» **Requirement**
Exactly the lines from the first line of the records to the line holding "Buffalo Sabres right" should be duplicated, and nothing more; pictures stay out.

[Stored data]
━━━━

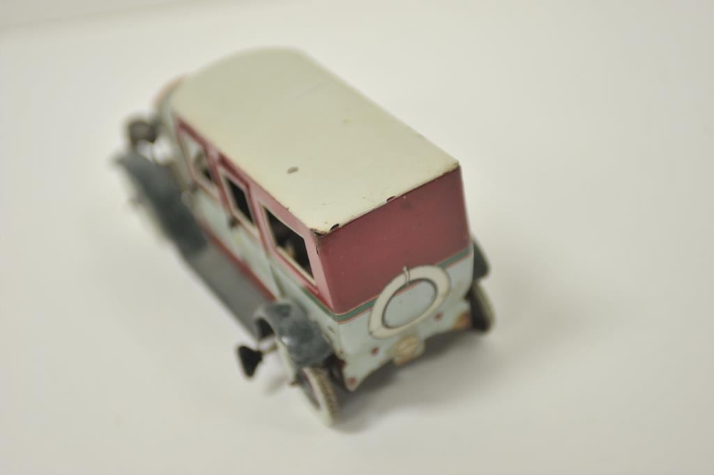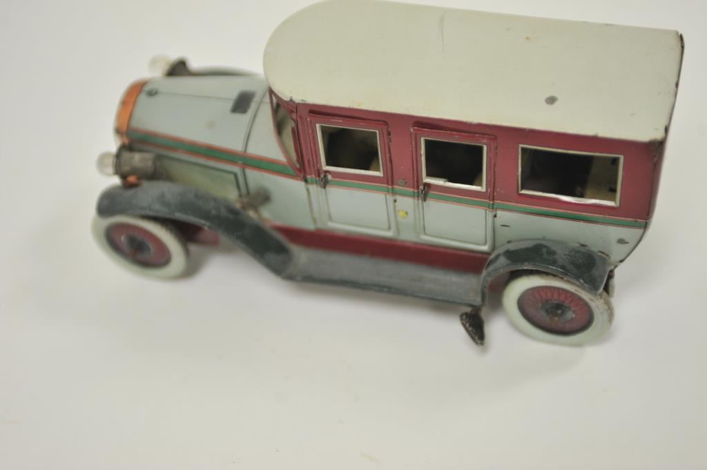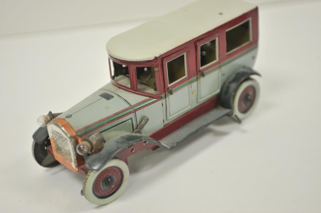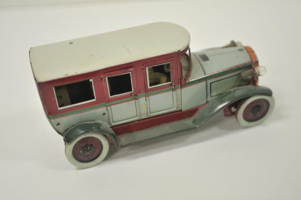 German-made antique wind-up tin toy truck and driver with majority of original paint remaining; set up for battery to work headlights. Est.: $300-$600.
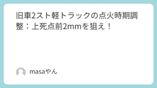 つぶやき 旧車2スト軽トラックの点火時期調整:上死点前2mmを狙え! 1970年代のスズキ・キャリイやダイハツ・ハイゼットなど、2サイクル360ccクラスの軽トラックでは、 プラグが溶ける・始動性が悪いといったトラブルの原因が「点火時期のズレ」にあることがよくあります。 本記事では、上死点前2.0mmを基準に... 2025.09.21 つぶやき
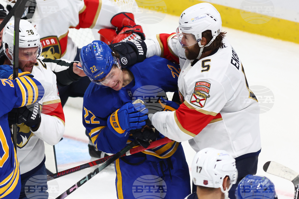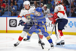 Buffalo Sabres right wing Jack Quinn (22) and Florida Panthers defenseman Aaron Ekblad (5) battle after the whistle during the third period of an NHL hockey game Saturday, Oct. 18, 2025, in Buffalo, N.Y. (AP Photo/Jeffrey T. Barnes)
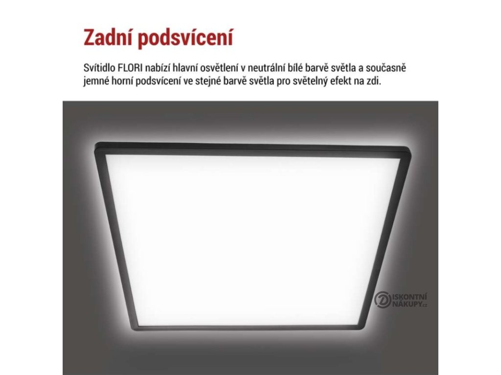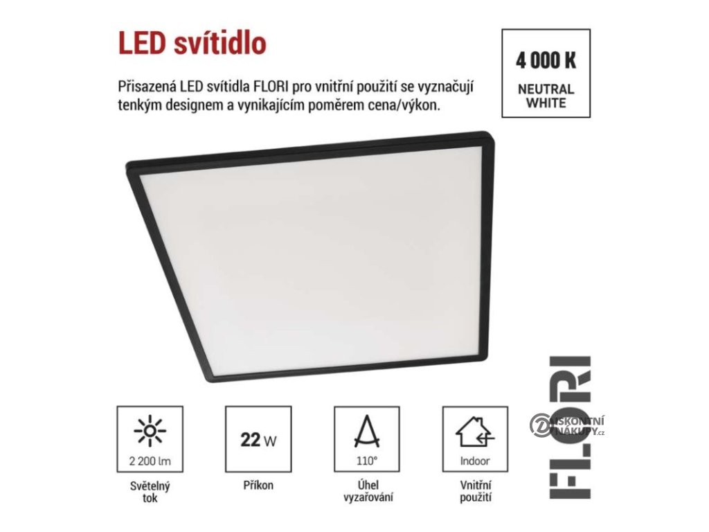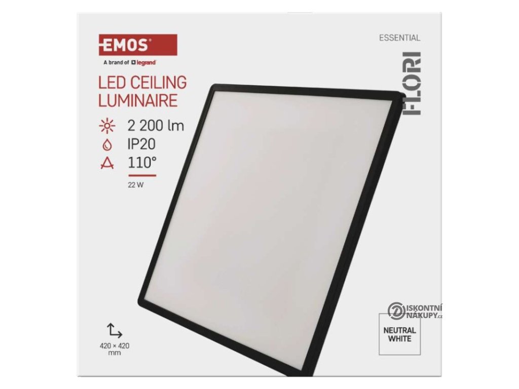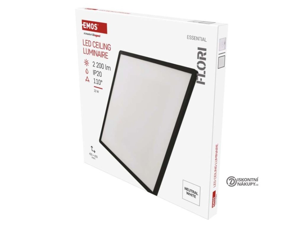 barva světla: neutrální bílá|barva těla: černá|dálkový ovladač: ne|do chodby a na schodiště: ano|do dílny a garáže: ne|do kanceláře: ne|do koupelny: ne|do kuchyně: ano|do obýváku, ložnice a dětského pokoje: ano|dosah senzoru: neuvádí se|flicker-free: neuvádí se|frekvence: 50/60 Hz|index podání barev (CRI): Ra > 80|kategorie: ESSENTIAL|krytí: IP20|materiál difuzoru: plast|materiál LGP: neuvádí se|materiál těla: plast|montážní otvor: neuvádí se|možnost stmívání: ne|náhrada za žárovku: 130 W|napětí: 220–240 V~|na zahradu a balkon: ne|pohybový senzor: ne|příkon: 22 W|prodejní obal: 1 ks, krabice|proud: 165 mA|řada: FLORI|rozměr: 420 × 420 × 29 mm|světelná účinnost: 100 lm/W|světelný tok: 2 200 lm|teplota chromatičnosti: 4 000 K|tvar: čtverec|typ difuzoru: mléčný|typ svítidla: klasické svítidlo|účiník: > 0,5|UGR<: neuvádí se|úhel vyzařování: 110°|umístění: stropní/nástěnné|výstupní proud ze zdroje: neuvádí se|záruční doba: 2 roky|zdroj světla: LED|životnost: 15 000 hodin|způsob montáže: přisazenéDoplňkové parametry
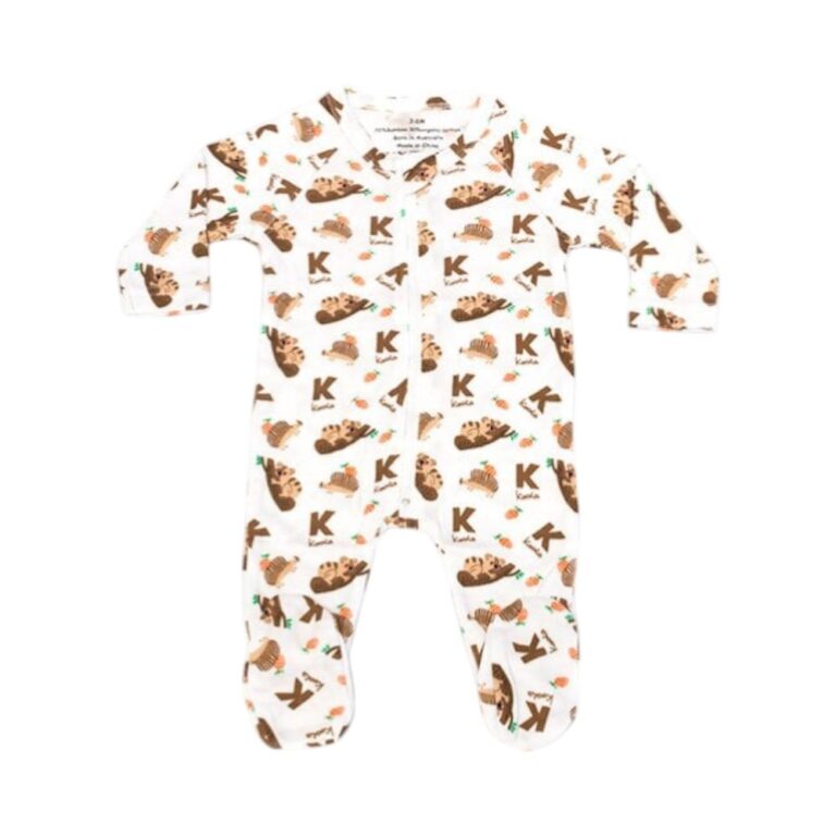 Keep tiny toes snug with the convenient footed design — no need for separate socks that slip off. Perfect for sleep, lounging, or layering under outerwear. Features include a cute koala print, a zip front opening for easy dressing, and a protective zip cover to safeguard delicate skin.

━━━━

» **Exercise solution**
 German-made antique wind-up tin toy truck and driver with majority of original paint remaining; set up for battery to work headlights. Est.: $300-$600.
 つぶやき 旧車2スト軽トラックの点火時期調整:上死点前2mmを狙え! 1970年代のスズキ・キャリイやダイハツ・ハイゼットなど、2サイクル360ccクラスの軽トラックでは、 プラグが溶ける・始動性が悪いといったトラブルの原因が「点火時期のズレ」にあることがよくあります。 本記事では、上死点前2.0mmを基準に... 2025.09.21 つぶやき
 Buffalo Sabres right wing Jack Quinn (22) and Florida Panthers defenseman Aaron Ekblad (5) battle after the whistle during the third period of an NHL hockey game Saturday, Oct. 18, 2025, in Buffalo, N.Y. (AP Photo/Jeffrey T. Barnes)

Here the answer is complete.